Using the line with "Hang our garland" as your starting point, transcribe it and each line beneath it word for word until the records run out, without pictures.

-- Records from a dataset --
------------------------------------
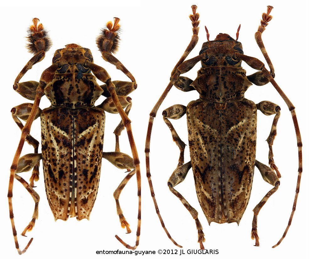 Accueil / Classification organisée et hiérarchisée. / CERAMBYCIDAE Latreille, 1802 / LAMIINAE Latreille, 1825 / ACANTHODERINI Thomson, 1860 / ACANTHODERINI Thomson, 1860 / Aegomorphus vetustus (Bates, 1880) ♂ & ♀
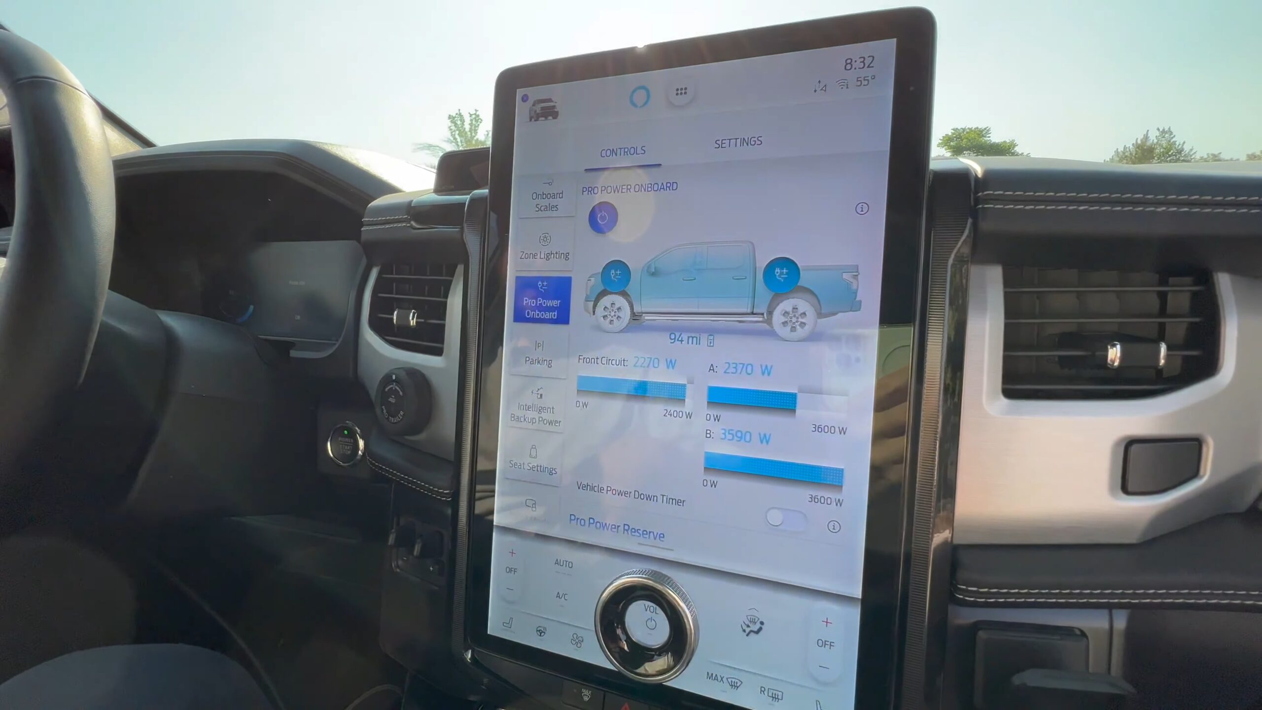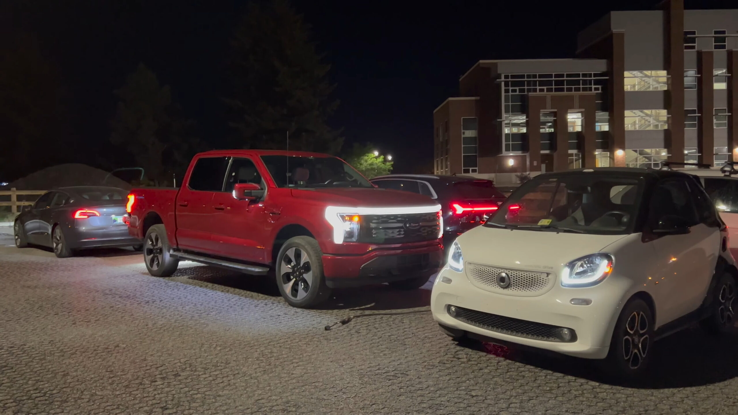 The cars were left overnight to suck up juice for 9 hours. To allow the test to run all night, the powerdown timer was disabled, and the Lightning was set to run the outlets until there were just 10 miles of range left in its own battery. The Lightning’s frunk was left propped open to avoid a power limit on the front circuit when the frunk is closed, presumably to avoid overheating. The risk of the truck being stolen was minimal, as the power outlets can be left running without the keys in the truck, preventing it from being started and driven away.
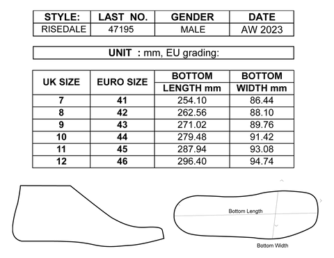 Each pair of Meanforme are handmade and handsewn, as such no two pairs will be identical but one constant is the last used to make them. Risedale has been engineered using our dedicated last 47195, the measurements for this last are the following:
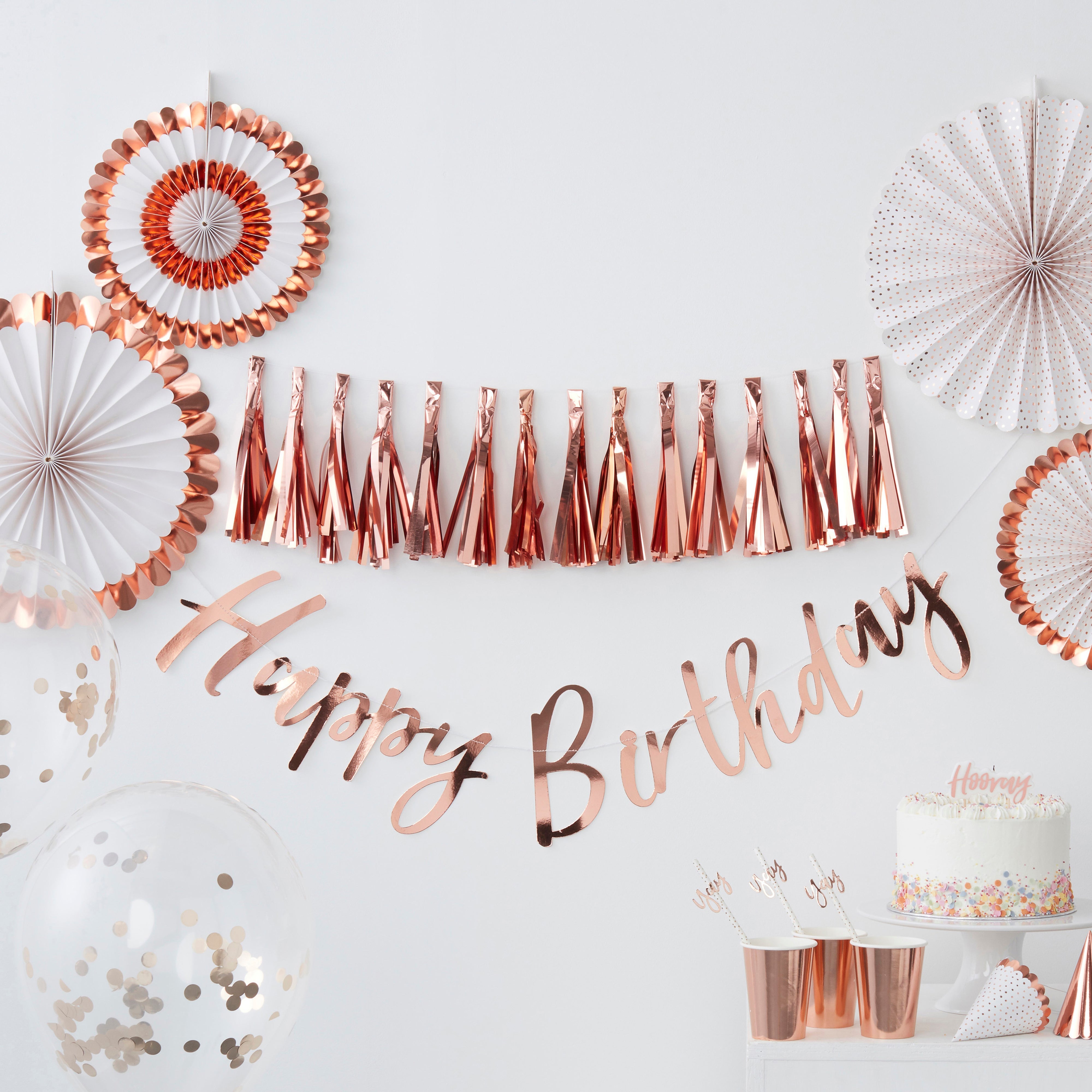 Hang our garland around your venue to add some glitz and glamour! The rose gold decoration looks stunning on walls, doorways and furniture. The tassels are easily put together creating a fashionable party bunting. Mix with the rest of our Rose Gold Pick & Mix range for the ultimate rose gold party decorations. Remember to fluff the tassels!
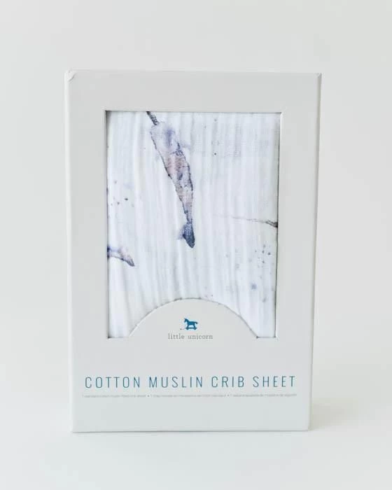 Little Unicorn Cotton Muslin Crib Sheet comes in standard size and is made from 100% cotton muslin.
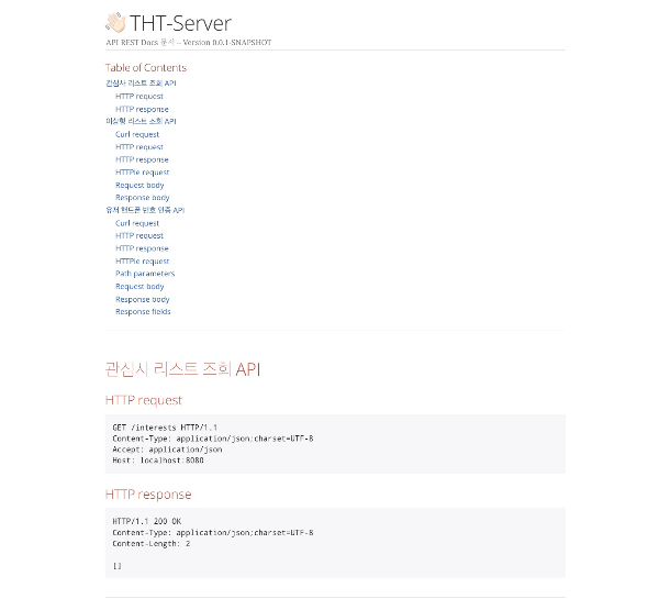 이렇게 설정을 하면 짠! 하고 설정한 restdocs 로 만든 문서화가 만들어졌습니다.
------------------------------------
-- SOLUTION TO THIS PROBLEM --
 Hang our garland around your venue to add some glitz and glamour! The rose gold decoration looks stunning on walls, doorways and furniture. The tassels are easily put together creating a fashionable party bunting. Mix with the rest of our Rose Gold Pick & Mix range for the ultimate rose gold party decorations. Remember to fluff the tassels!
 Little Unicorn Cotton Muslin Crib Sheet comes in standard size and is made from 100% cotton muslin.
 이렇게 설정을 하면 짠! 하고 설정한 restdocs 로 만든 문서화가 만들어졌습니다.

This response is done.